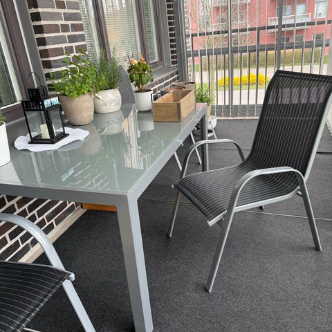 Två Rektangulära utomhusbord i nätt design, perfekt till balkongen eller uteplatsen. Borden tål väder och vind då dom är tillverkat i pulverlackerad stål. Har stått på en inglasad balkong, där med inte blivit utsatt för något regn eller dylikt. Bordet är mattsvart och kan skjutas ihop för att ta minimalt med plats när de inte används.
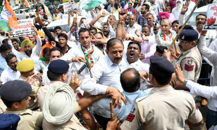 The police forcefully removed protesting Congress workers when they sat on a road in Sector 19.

━━━━━━━━

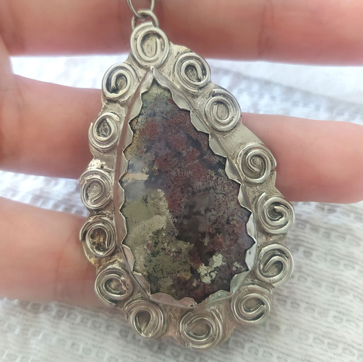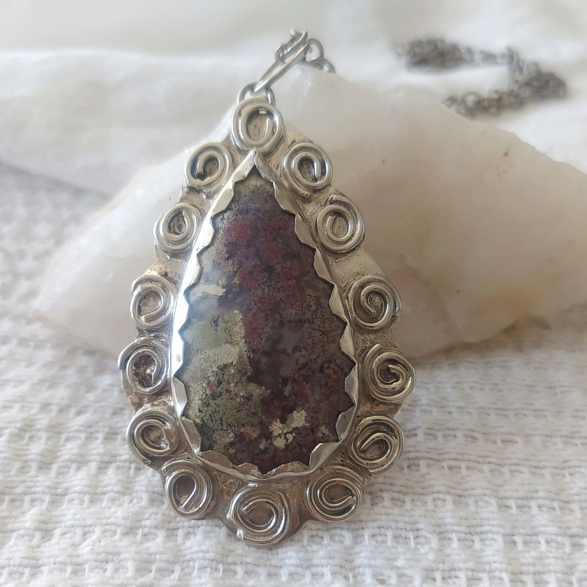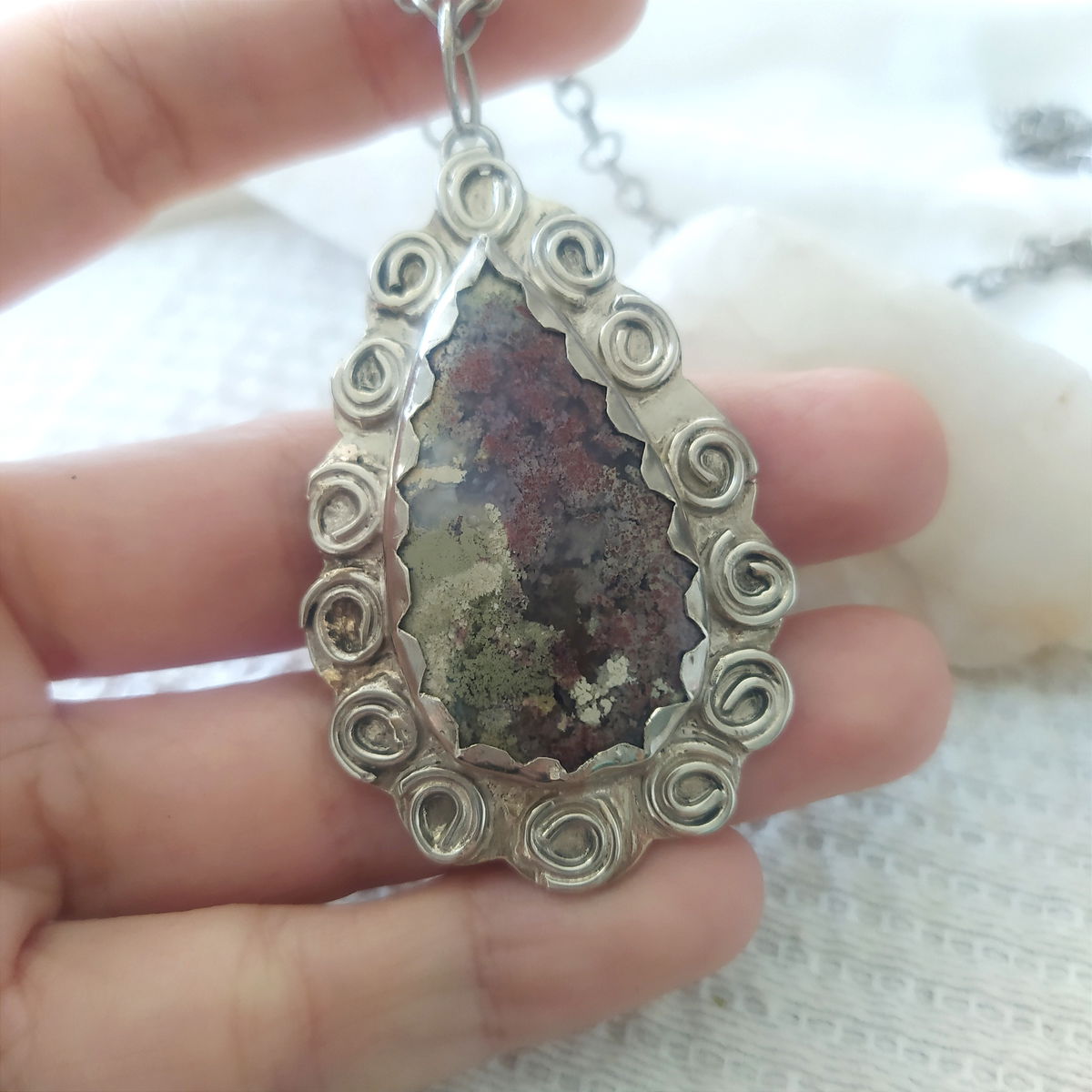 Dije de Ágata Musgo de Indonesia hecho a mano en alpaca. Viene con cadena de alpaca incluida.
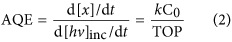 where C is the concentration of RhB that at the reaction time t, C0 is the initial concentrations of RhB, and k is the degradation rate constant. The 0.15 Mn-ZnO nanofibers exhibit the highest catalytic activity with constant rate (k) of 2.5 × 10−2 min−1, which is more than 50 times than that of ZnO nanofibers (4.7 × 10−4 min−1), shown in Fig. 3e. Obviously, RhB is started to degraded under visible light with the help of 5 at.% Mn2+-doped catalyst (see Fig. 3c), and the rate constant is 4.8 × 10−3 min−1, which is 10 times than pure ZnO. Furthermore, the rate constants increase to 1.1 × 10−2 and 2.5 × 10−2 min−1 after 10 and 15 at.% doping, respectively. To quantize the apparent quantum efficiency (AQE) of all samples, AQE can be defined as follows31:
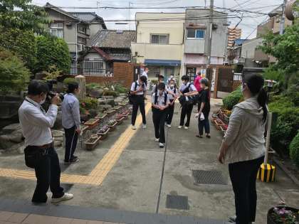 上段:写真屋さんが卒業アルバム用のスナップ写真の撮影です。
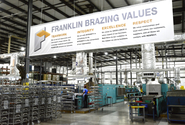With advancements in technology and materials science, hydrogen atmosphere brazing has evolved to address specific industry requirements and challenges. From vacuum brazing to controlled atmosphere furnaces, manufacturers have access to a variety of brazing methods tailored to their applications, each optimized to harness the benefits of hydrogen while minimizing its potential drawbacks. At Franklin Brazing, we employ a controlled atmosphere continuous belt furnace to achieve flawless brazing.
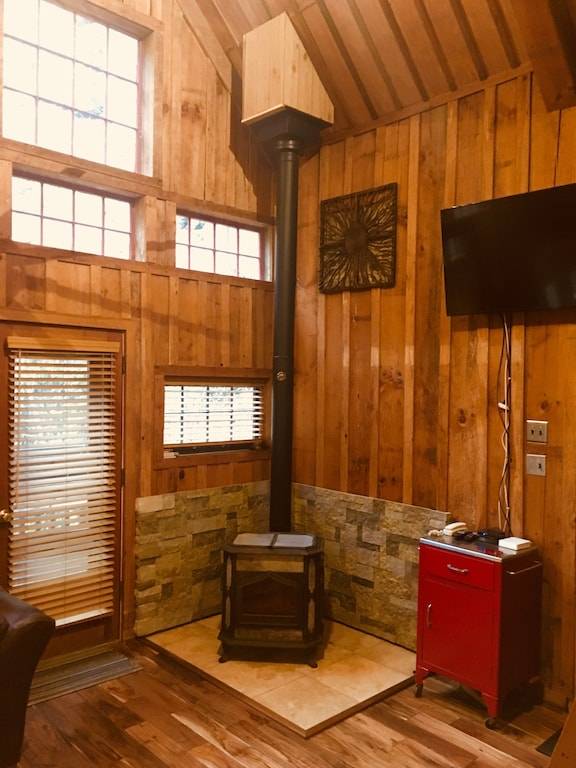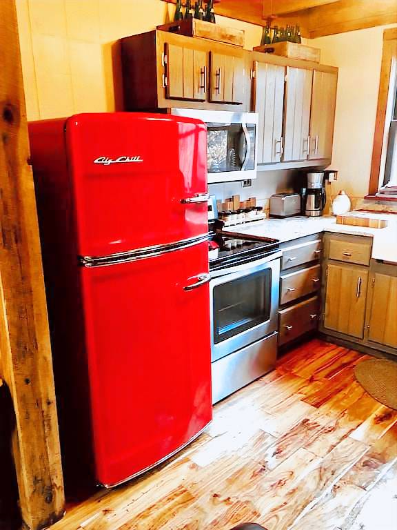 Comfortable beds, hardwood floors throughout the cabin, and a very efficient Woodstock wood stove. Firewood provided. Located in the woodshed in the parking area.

━━━━━━━━

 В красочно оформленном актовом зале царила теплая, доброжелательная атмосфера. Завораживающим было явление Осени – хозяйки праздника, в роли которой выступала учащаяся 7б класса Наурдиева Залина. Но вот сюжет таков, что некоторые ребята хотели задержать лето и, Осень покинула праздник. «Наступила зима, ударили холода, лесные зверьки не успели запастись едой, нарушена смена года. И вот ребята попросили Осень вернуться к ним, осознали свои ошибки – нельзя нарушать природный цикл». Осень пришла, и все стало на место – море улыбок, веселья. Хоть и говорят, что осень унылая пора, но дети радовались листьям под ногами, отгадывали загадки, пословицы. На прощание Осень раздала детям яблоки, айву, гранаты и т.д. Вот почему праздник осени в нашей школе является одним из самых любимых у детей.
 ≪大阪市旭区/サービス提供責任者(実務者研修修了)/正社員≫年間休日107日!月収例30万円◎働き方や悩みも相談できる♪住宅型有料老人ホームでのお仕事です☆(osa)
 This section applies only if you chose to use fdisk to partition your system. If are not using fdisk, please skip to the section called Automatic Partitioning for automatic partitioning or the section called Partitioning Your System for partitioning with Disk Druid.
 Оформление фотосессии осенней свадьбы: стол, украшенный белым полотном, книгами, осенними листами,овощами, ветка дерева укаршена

━━━━━━━━

* _Aim of the exercise_: Print nothing except the lines above from the one containing "Två Rektangulära utomhusbord" down to the one containing "The police forcefully", both included, exactly as written and free of pictures.

* _Answer to this problem_:
 Två Rektangulära utomhusbord i nätt design, perfekt till balkongen eller uteplatsen. Borden tål väder och vind då dom är tillverkat i pulverlackerad stål. Har stått på en inglasad balkong, där med inte blivit utsatt för något regn eller dylikt. Bordet är mattsvart och kan skjutas ihop för att ta minimalt med plats när de inte används.
 The police forcefully removed protesting Congress workers when they sat on a road in Sector 19.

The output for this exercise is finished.